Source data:
------------------------------

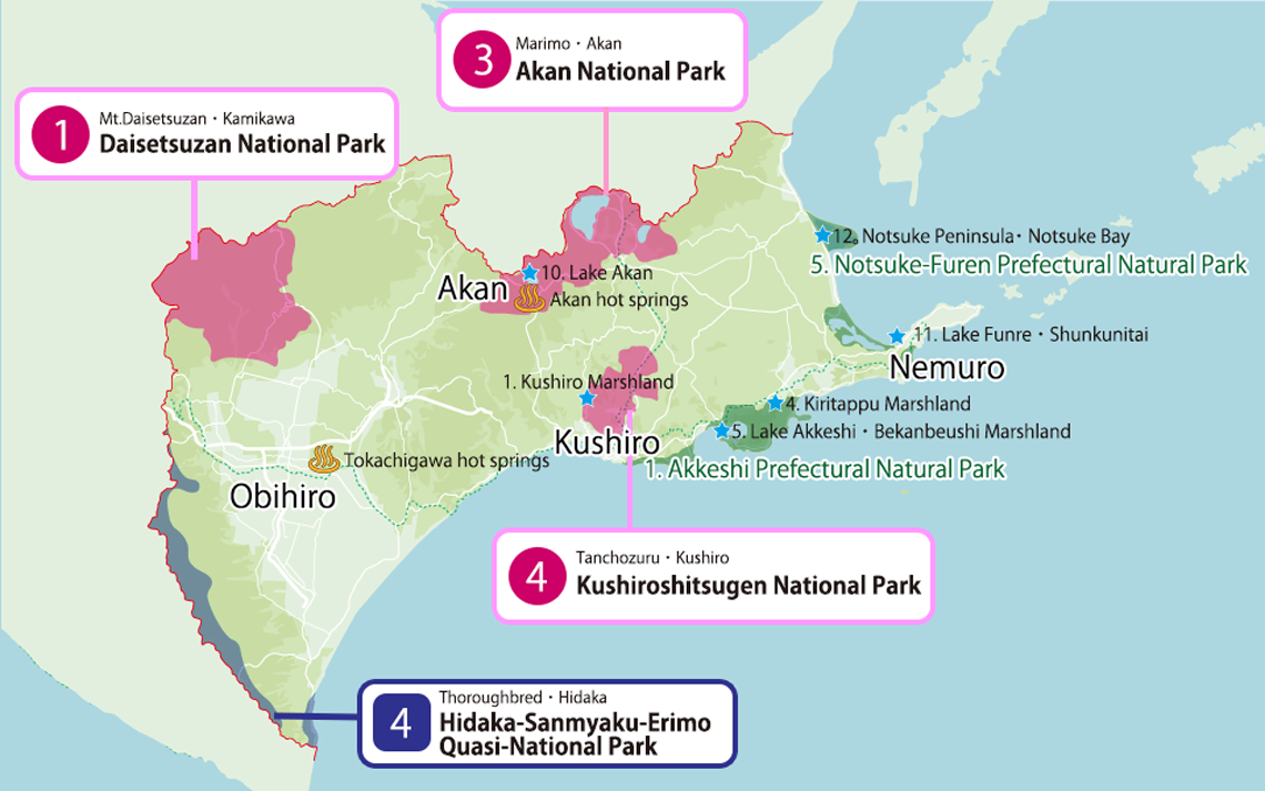 Hidaka-Sanmyaku-Erimo Quasi-National ParkNissho Pass Observatory, Satsunaigawa EnchiAkkeshi-Kiritappu-Konbumori Quasi-National ParkCape Shirepa, Lake Akkeshi, Bekkanbeushi Marshland, Kiritappu Marshland, Ayamegahara |
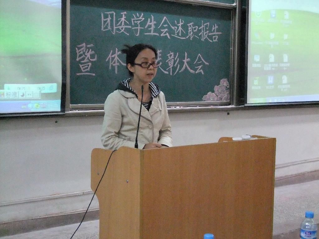 学生会主席刘志勇发表报告
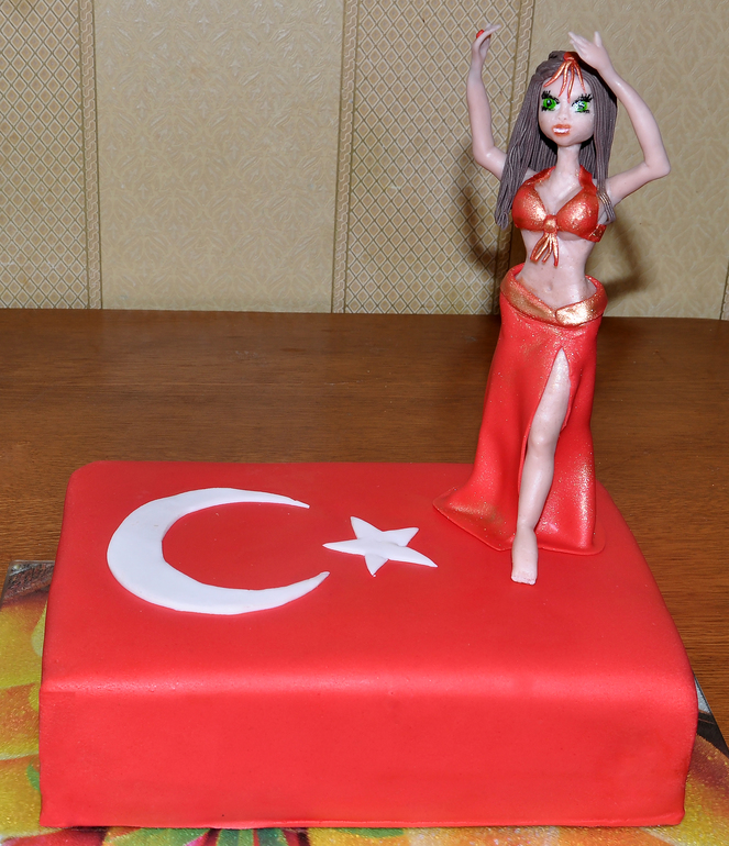 Давно обещала себе не брать срочных заказов - не выровнять толком, ни украсить. Но тут коллега с работы мужа, слезно просила торт - идет знакомится с родителями жениха, у него еще и день рождения. Жалко стало, согласилась. В ночи успела выпечь бисквит, с утра за продуктами для крема и к вечеру уже отдала. Выравнивание конечно страдает, жара - а торту и выстояться было некогда... Но что смогла сделала - молодой человек увлекается Турцией, отсюда такая тематика.
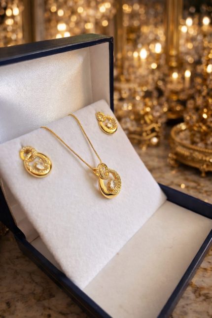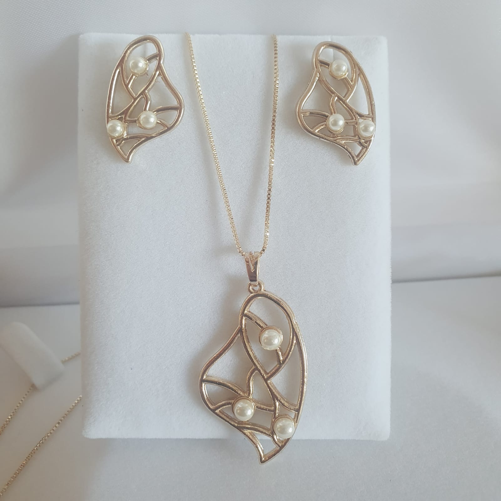 Conjunto bañado en oro forma de hoja con tres perlas por hoja
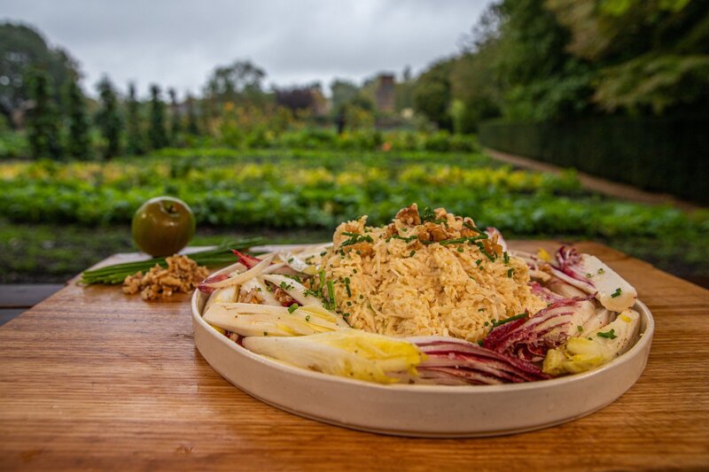 Gastgeber Raymond Blanc freut sich auf einen Besuch seines alten Freundes Nathan Outlaw. Um den Sternekoch kulinarische zu überraschen, bereitet Blanc ein wunderbar cremiges Käsefondue und Knollensellerie-Remoulade zu.

------------------------------

* **Exercise**
Retype exactly the lines from the one containing "Conjunto bañado en" through the last line of the records above, both included, and leave out any pictures.

* **Task answer**
 Conjunto bañado en oro forma de hoja con tres perlas por hoja
 Gastgeber Raymond Blanc freut sich auf einen Besuch seines alten Freundes Nathan Outlaw. Um den Sternekoch kulinarische zu überraschen, bereitet Blanc ein wunderbar cremiges Käsefondue und Knollensellerie-Remoulade zu.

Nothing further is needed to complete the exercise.